Strafgesetzbuch (StGB)

§ 217 Geschäftsmäßige Förderung der Selbsttötung

(1) Wer in der Absicht, die Selbsttötung eines anderen zu fördern, diesem hierzu geschäftsmäßig die Gelegenheit gewährt, verschafft oder vermittelt, wird mit Freiheitsstrafe bis zu drei Jahren oder mit Geldstrafe bestraft.

(2) Als Teilnehmer bleibt straffrei, wer selbst nicht geschäftsmäßig handelt und entweder Angehöriger des in Absatz 1 genannten anderen ist oder diesem nahe steht.

Bericht aus Karlsruhe: Lothar Fietzek war am 26. Februar 2020 zur Urteilsverkündung des Bundesverfassungsgerichtes vor Ort in Karlsruhe. Nachfolgend sein Bericht und eine Einschätzung zu den Konsequenzen, die aus dem Urteil zu ziehen sind. Siehe hierzu auch den der Broschüre entnommenem Beitrag „Wichtige Fragen zur Sterbehilfe“, insbesondere Punkt unter „3. Beihilfe zur Selbsttötung“.

Das Bundesverfassungsgericht erlaubt Sterbehilfe

Schwerkranke sterbenswillige Patienten, Sterbehilfe-Vereine, Palliativ-Ärzte und Rechtsanwälte hatten beim Bundesverfassungsgericht Beschwerde gegen den seit De zember 2015 geltenden § 217 Strafgesetzbuch (StGB) Geschäftsmäßige Förderung der Selbsttötung, eingelegt.

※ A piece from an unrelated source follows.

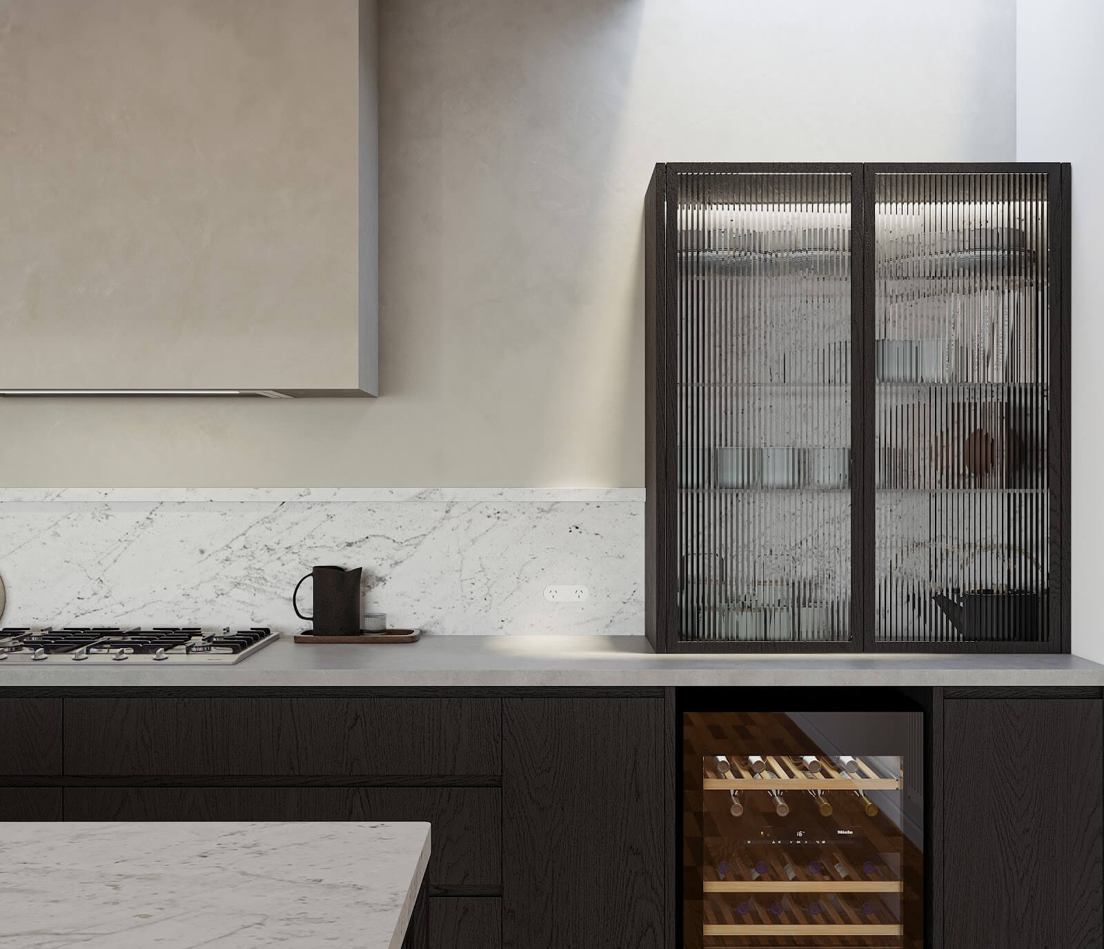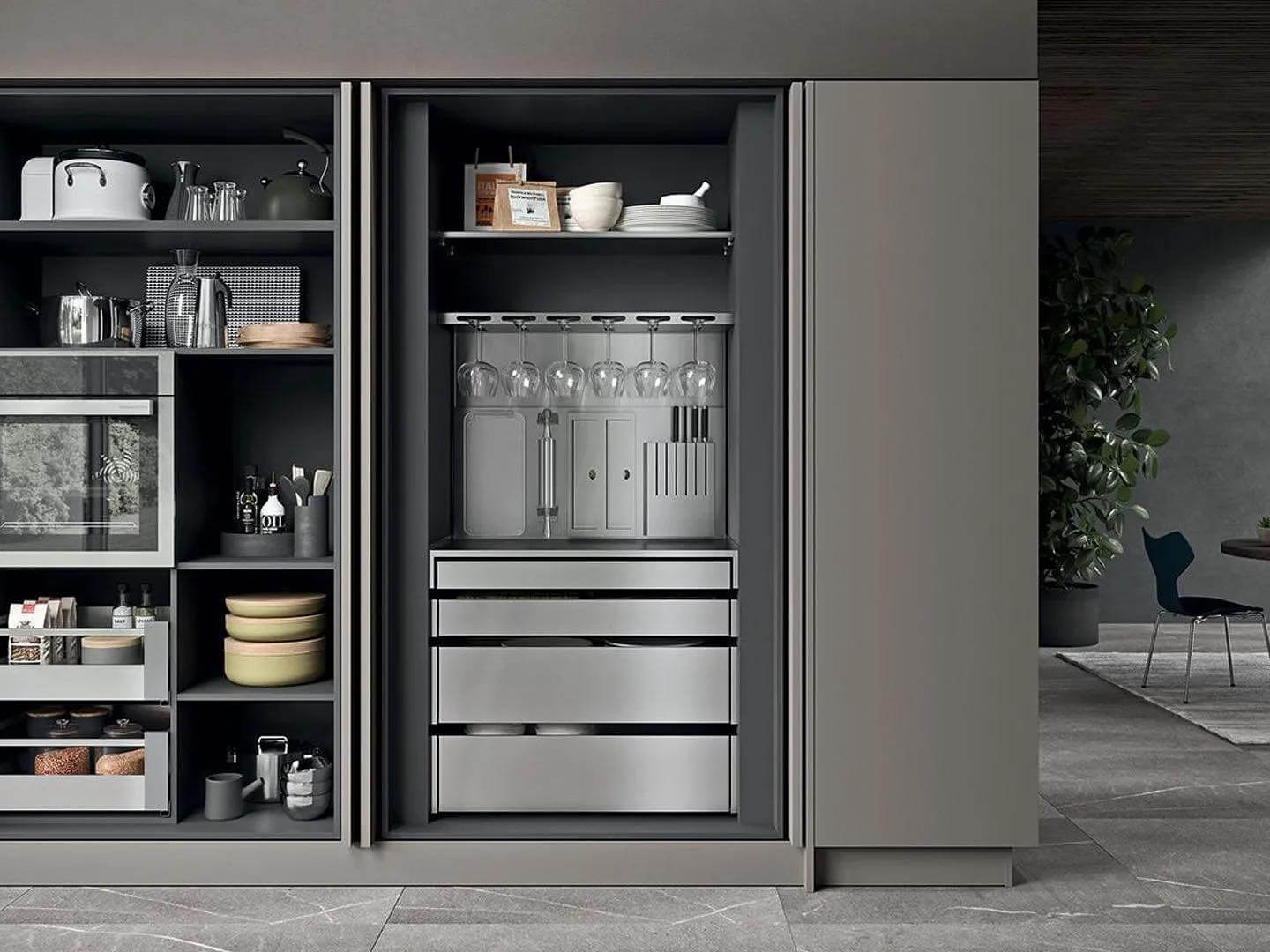 The cool gray tones and minimalist hardware are perfect for those who prefer a subdued, contemporary look. Inside, sophisticated storage solutions like slide-out shelves and wine glass hangers maximize space without compromising on accessibility or style. This setup is ideal for a kitchen or open-plan area where discretion and efficiency are key.

§ 217 StGB ist verfassungswidrig. Das Bundesverfassungsgericht (BVerfG) hat am 26.2.2020 den § 217 für verfassungswidrig erklärt. Damit ist er nichtig und die seit Einrichtung des Strafgesetzbuches 1871 bis 2015 bestehende Rechtslage wieder hergestellt. Da das Thema Sterbehilfe nicht nur existenzielle Grundfragen menschlichen Daseins betreffe, son dern an Grundfesten in der Gesellschaft anzutreffender ethischer, moralischer und religiöser Einstellungen rühre, sei es wichtig zu betonen, so Präsident Voßkuhle, dass der Senat nicht über diese Überzeugungen zu urteilen hatte. Aufgabe war ausschließlich, die Verfassungsmäßigkeit des § 217 StGB zu prüfen.

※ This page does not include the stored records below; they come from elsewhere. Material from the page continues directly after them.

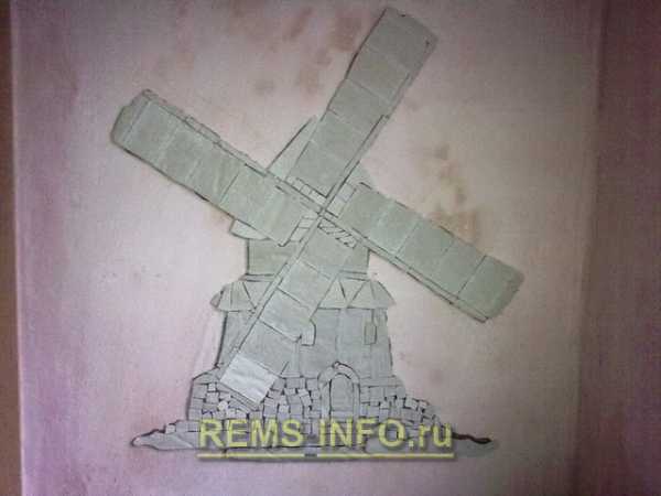 - сложнее сделать объемный рисунок, для этого нужно постараться и по эскизу вырезать и выложить все элементы. Так я сделал мельницу;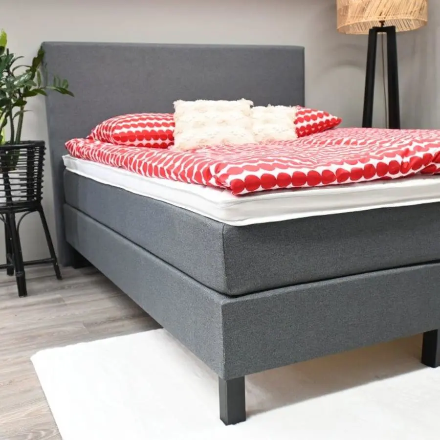 Bassänggavel grå. Klädselmaterialet är grått Malmö 95 möbeltyg. Kan kombineras med alla sängar i Base-serien.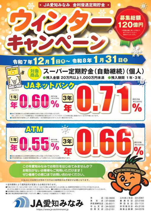 みなみinfo トップ みなみinfo 定期貯金ウィンターキャンペーン開催 2025年11月21日 JAバンク 定期貯金ウィンターキャンペーン開催 シェア Tweet JA愛知みなみ金利優遇定期貯金『ウィンターキャンペーン』が12月1日より始まります♪ 募集金額に達した時点で終了する可能性がありますので、お早めにご検討ください。 詳細はコチラ 記事一覧はこちら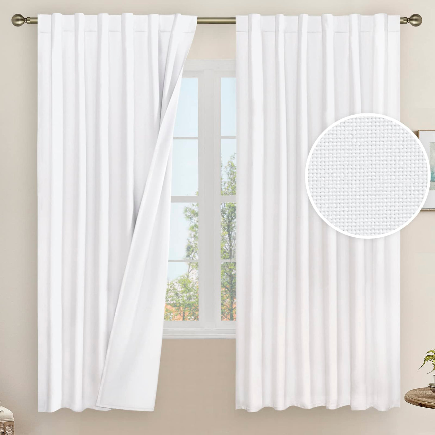 Lamit 100% White Blackout Curtains For Bedroom, 63 Inches Linen Textured Thermal Curtains Back Tab And Rod Pocket Burlap Panels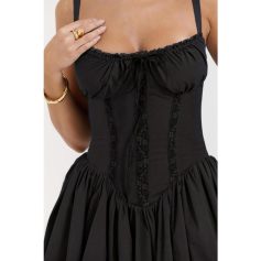 - Attention to Detail: Elegant lace and ruffled neckline enhance the dress’s visual appeal.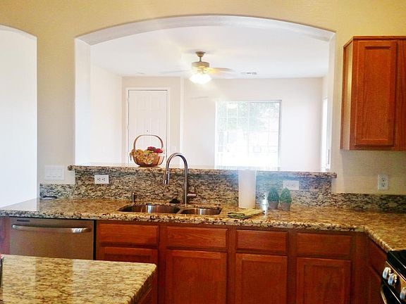The AZ sun shine filters thru the curved arches in the great room of this bright open popular Yuma plan. You wont be disappointed to see the snazzy kitchen. New thick Granite Countertops, Stainless Steel Gas Range, Dishwasher, under mount deep sink w/upgraded faucet & Refrigerator, Island, Pantry & Breakfast Nook round out the kitchen. Lovely living & dining room space. Upgraded oversized tile in kitchen, baths, laundry & hallway, thick quality carpet, separate laundry rm, + 2 extra closets. Master bathroom boasts dual raised vanities, glass door shower, garden soaking tub, roomy walk-in closet & separate toilet room. Outside a paver patio to overlook fully landscaped yard with beautiful trees & garden beds. Cottage style two tone paint & stone accent the exterior of this cul-de-sac gem.

Ein Urteil von fundamentaler Tragweite. Für einen der Beschwerdeführer, Rechtsanwalt Putz, einen renommierten Patientenanwalt, ist es «das bedeutendste Urteil des BVerfG zu den Menschenrechten seit Bestehen dieses Gerichts.» – Der 2. Senat urteilte, dass das «Allgemeine Persönlichkeitsrecht» (Art. 2 Abs. 1 in Verbindung mit Art. 1 Abs. 1 Grundgesetz) als Ausdruck persönlicher Autonomie ein «Recht auf selbstbestimmtes Sterben» umfasse. Dieses Recht schließe die Freiheit ein, sich das Leben zu nehmen, hierfür die «Hilfe Dritter zu suchen» und, «soweit sie angeboten wird, in Anspruch zu nehmen». Dieses Recht bestehe «in jeder Phase der menschlichen Existenz» und gelte nicht nur für unheilbar kranke Menschen. Wenn ein Einzelner sich «entsprechend seinem Verständnis von Lebensqualität und Sinnhaftigkeit der eigenen Existenz» entscheide, sein Leben zu beenden, so bedarf dies keiner weiteren Begründung und Rechtfertigung. «Staat und Gesellschaft müssen diesen Akt autonomer Selbstbestimmung respektieren.»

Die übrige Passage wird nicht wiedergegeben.